Jean Davis Okimoto is an award-winning author and publisher with an impressive list of credits to her name. Only you’d never know it. Meeting her for the first time, Okimoto’s warm yet elegant manner, close listening, thoughtful responses and delightful humor belie her considerable accomplishments, the latest of which is the publication of “Five Famous Mice Meet Winston of Churchill,” Okimoto’s 21st book.
“Five Famous Mice,” which Okimoto will read and sign at 6 p.m Friday at the Vashon Bookshop, is a sequel to “Winston of Churchill: One Bear’s Battle Against Global Warming.” Both of these light-hearted children’s books tackle the serious topic of global warming, while subtly including inspirational speeches from historical figures.
In the first book, Okimoto introduced Winston of Churchill, a brave and charismatic polar bear who educates his fellow bears about why their home is melting. Using speeches from his namesake, Winston inspires the bears to protest global warming. In the sequel, five disenfranchised mice fight the good fight against global warming and their own right to be heard. Based on five Canadian women who campaigned for women’s rights — known as the Famous Five — Okimoto’s mice quote lines from speeches made by their leader, Nellie McClure.

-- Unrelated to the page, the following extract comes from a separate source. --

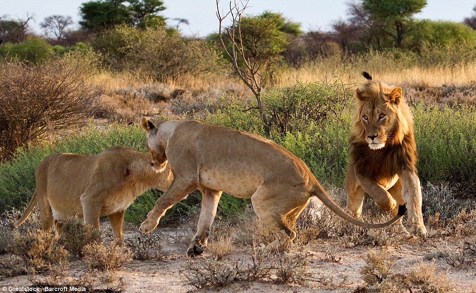 | Sư tử cái liên tiếp tấn công bạn tình. Ảnh: Daily Mail |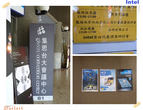 【▼】此次Intel第四代處理器研討會的地點就在台灣大學旁的集思台大會議中心B1,選擇這個地點當然就是要【集思廣義】各位XF網友的意見,作為以後開發新產品的意見調查。集思台大會議中心裡面好多廳,都是以古希臘人名來命名的,Intel第四代處理器研討會在柏拉圖廳;大家有沒有發現蘇格拉底廳的主題前兩個字對到Intel,竟是【龍頭Intel】,最上面搞不好還有CPU三字,【CPU龍頭Intel】,這就太神了吧!海報則是主打釋放內在潛能,也就是讓消費者盡情的玩超頻了。

Like the mice, Okimoto knows how to take action and to be heard. After publishing books with major houses for the past 20 years, Okimoto reached her fill with editors making decisions about her writing. So she met the problem head on and established her own publishing house, Endicott and Hugh Books. Along with “Winston” and “Famous Five,” Endicott and Hugh has published two books out of Okimoto’s fictional trilogy about Vashon, several memoirs and a collection of poetry. She said she is having a ball doing it herself.
“I turn 72 at the end of the year. One of the great criteria for how I use my time is to ask is this any fun?”
While fun may be one criterion, being meaningful is the other. Okimoto, who worked as a psychotherapist for 40 years, describes herself as being in the last third of life, often called the generative phase.
“There is a point in your 60s and 70s where you begin to shift your focus from what you can achieve to nurturing the achievement of others,” she said.
True to her words, Okimoto voluntarily facilitates a weekly memoir group and finds the work an absolute joy. As a publisher, Okimoto wants “to give life to other people’s projects,” primarily works by people with whom she feels a connection. She also chooses where to donate her books’ proceeds. For “Famous Five,” Okimoto picked the Vashon Maury Island Land Trust and invited Tom Dean, the executive director, to give a brief talk before her reading.
Despite her many accolades, Okimoto doesn’t let herself off the hook, she said.
“You sit alone for hours and wonder if you are doing anything of help here. I have to work with that thought.”